[Supplied material Boundary: Start]

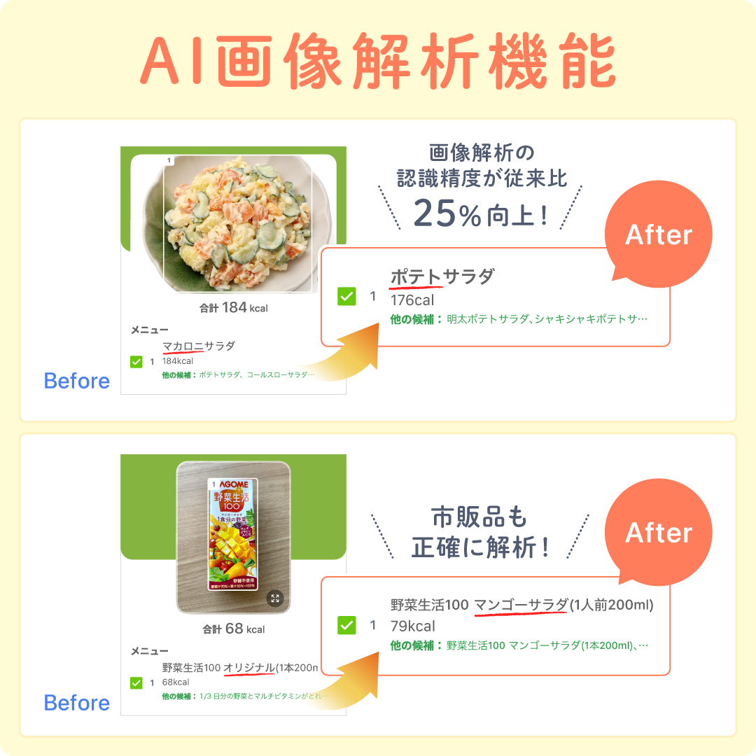 ■食事の写真を撮るだけで、自動で画像を解析し、食事メニューを判定できる『あすけん』の「AI画像解析機能」の解析精度が、AIを最適化したことにより従来比25%向上しました。さらに、市販食品の場合、食事写真から文字やロゴ情報を認識し、店名や商品名まで解析できるメニュー件数が増加しました。
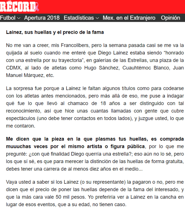En esta ocasión, el Francotirador subió una nota que revela que Diego Lainez podría haber pagado por el premio que le otorgó la semana pasada el América, en la que reconoce “su trayectoria”. El periodista afirmó que se juntó con personajes del mundo del espectáculo y estos le comentaron que para tener tal distinción de forma gratuita hay que tener, como mínimo, diez años de carrera.
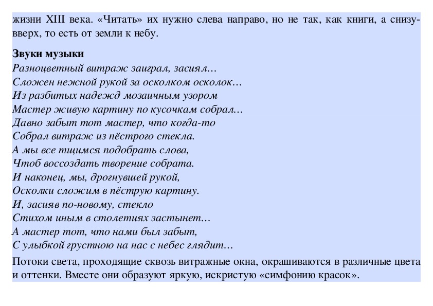 церковного хора, возникают переплетения голосов (полифония), словно рисует ввоображении слушателя величественный собор с витражами, арками и шпилями,

[Supplied material Boundary: End]

### [What you are asked to do]
Retype each line above exactly and leave out any picture.

### [Response to this task]
 ■食事の写真を撮るだけで、自動で画像を解析し、食事メニューを判定できる『あすけん』の「AI画像解析機能」の解析精度が、AIを最適化したことにより従来比25%向上しました。さらに、市販食品の場合、食事写真から文字やロゴ情報を認識し、店名や商品名まで解析できるメニュー件数が増加しました。
En esta ocasión, el Francotirador subió una nota que revela que Diego Lainez podría haber pagado por el premio que le otorgó la semana pasada el América, en la que reconoce “su trayectoria”. El periodista afirmó que se juntó con personajes del mundo del espectáculo y estos le comentaron que para tener tal distinción de forma gratuita hay que tener, como mínimo, diez años de carrera.
 церковного хора, возникают переплетения голосов (полифония), словно рисует ввоображении слушателя величественный собор с витражами, арками и шпилями,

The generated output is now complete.